Only an exact copy is wanted: the lines from the one holding "Another reason why" through the last line below, minus the pictures.

### Information shown
----------------
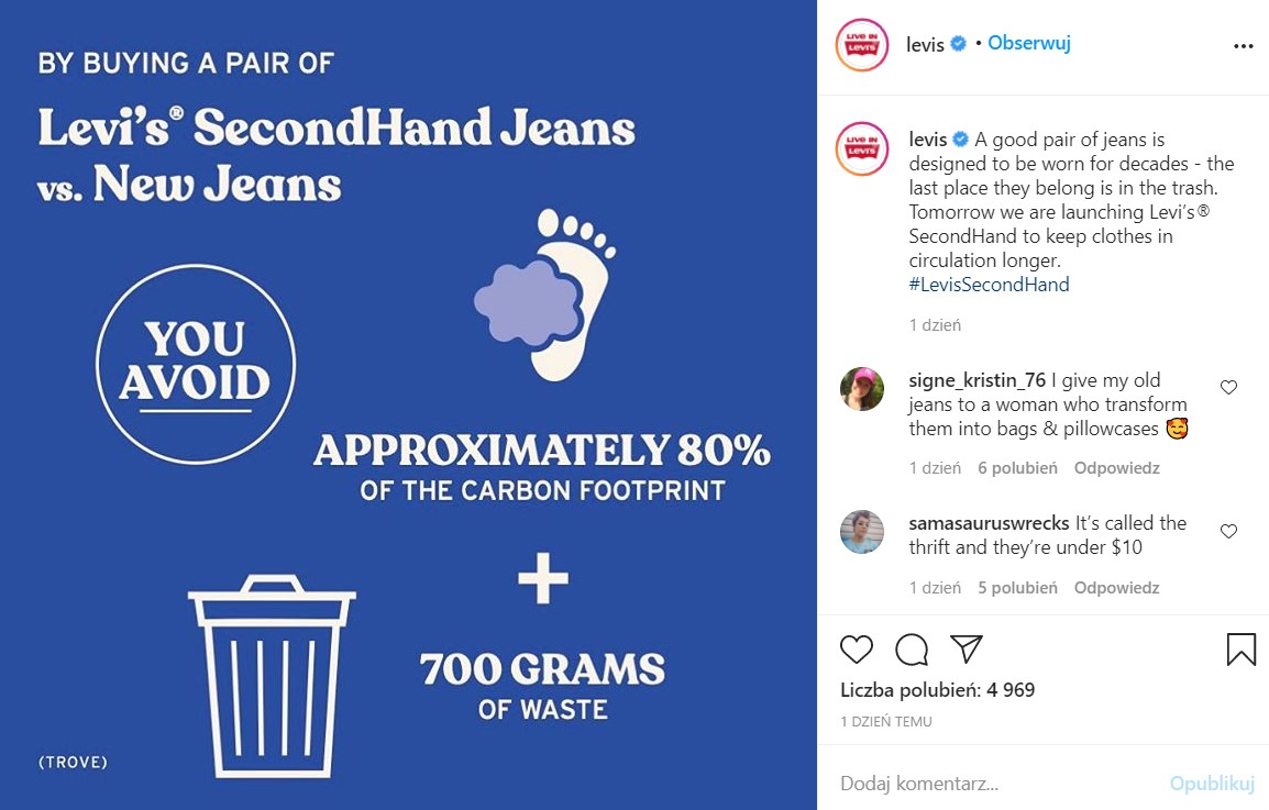 Przykładem tego jest najnowsza inicjatywa marki Levi’s, która to ruszyła z własnym second handem. W ramach programu każdy klient będzie mógł oddać swoje stare jeansy oraz inne ubrania, a w zamian otrzyma kartę podarunkową. Co prawda kartę wykorzystać będzie można na zakup nowych ubrań marki, lecz po jakimś czasie będziemy mogli je ponownie firmie „odsprzedać”. Ważne bowiem, aby były one stale w obiegu, a nie zostały wyrzucone na śmietnik.
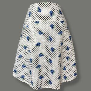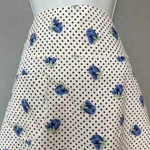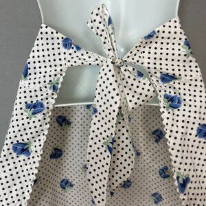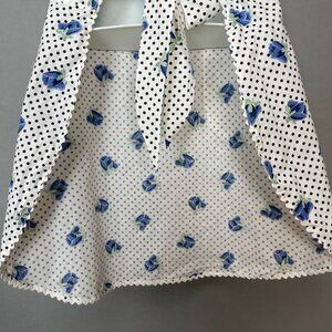 Vintage handmade apron in white with blue roses and black polka dots all over. Single front pocket. Tie at back waist.
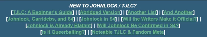 Another reason why knowledge is a necessary attribute within TJLC, is the fact that the community is heavily based on so-called ‘meta’. Within this fandom, the term, which is short for ‘meta-analysis’, is used to indicate analytical texts – ranging from short pieces to entire essays – that are written in order to understand symbolism and subtext in Sherlock, as well as to make predictions for future seasons (Supernatural Wiki, 2014). The following post, for example, provides links to several pieces of Johnlock/TJLC meta, including a guide and several lists for beginners, as well as meta surrounding season four, which was about to start airing the moment that this screenshot was made.
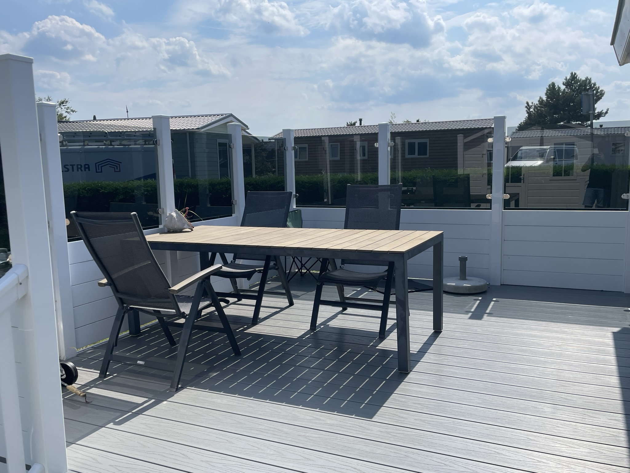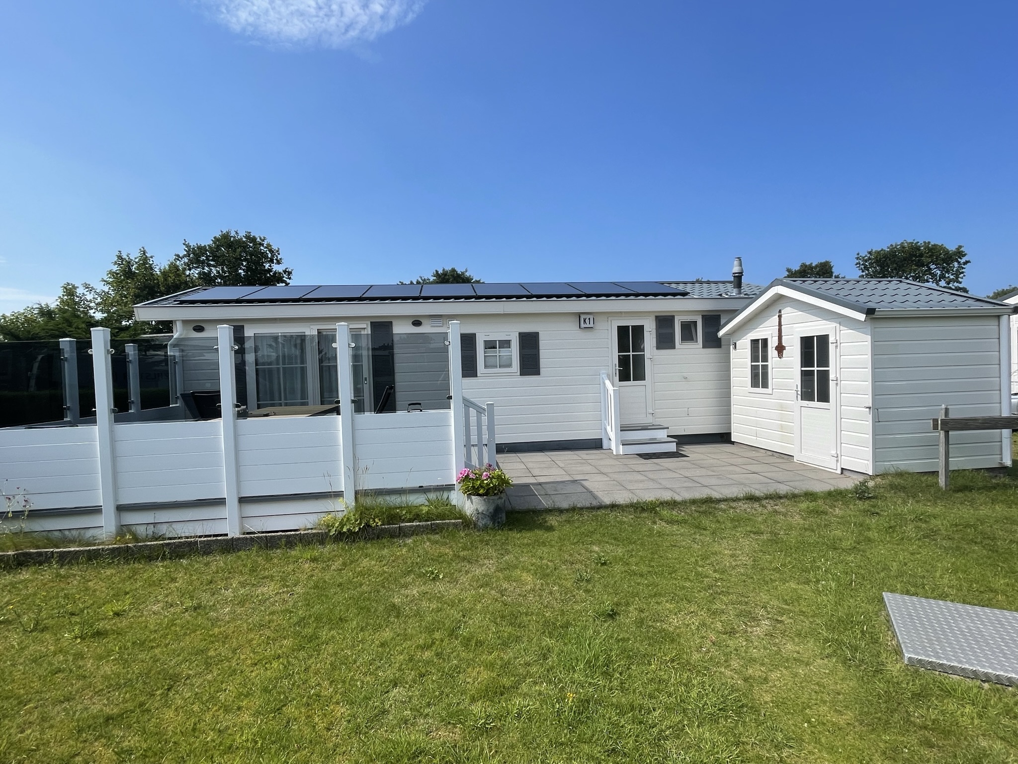 Bekijk hier hoe ons chalet eruit ziet. Op de foto zie je het terras en de tuin, een fijne plek om te ontspannen na een dag op het strand of in de duinen. Scroll verder voor foto’s van de woonkamer, keuken en slaapkamers, zodat je een compleet beeld krijgt van je verblijf.
----------------
### Result of this task
 Another reason why knowledge is a necessary attribute within TJLC, is the fact that the community is heavily based on so-called ‘meta’. Within this fandom, the term, which is short for ‘meta-analysis’, is used to indicate analytical texts – ranging from short pieces to entire essays – that are written in order to understand symbolism and subtext in Sherlock, as well as to make predictions for future seasons (Supernatural Wiki, 2014). The following post, for example, provides links to several pieces of Johnlock/TJLC meta, including a guide and several lists for beginners, as well as meta surrounding season four, which was about to start airing the moment that this screenshot was made.
 Bekijk hier hoe ons chalet eruit ziet. Op de foto zie je het terras en de tuin, een fijne plek om te ontspannen na een dag op het strand of in de duinen. Scroll verder voor foto’s van de woonkamer, keuken en slaapkamers, zodat je een compleet beeld krijgt van je verblijf.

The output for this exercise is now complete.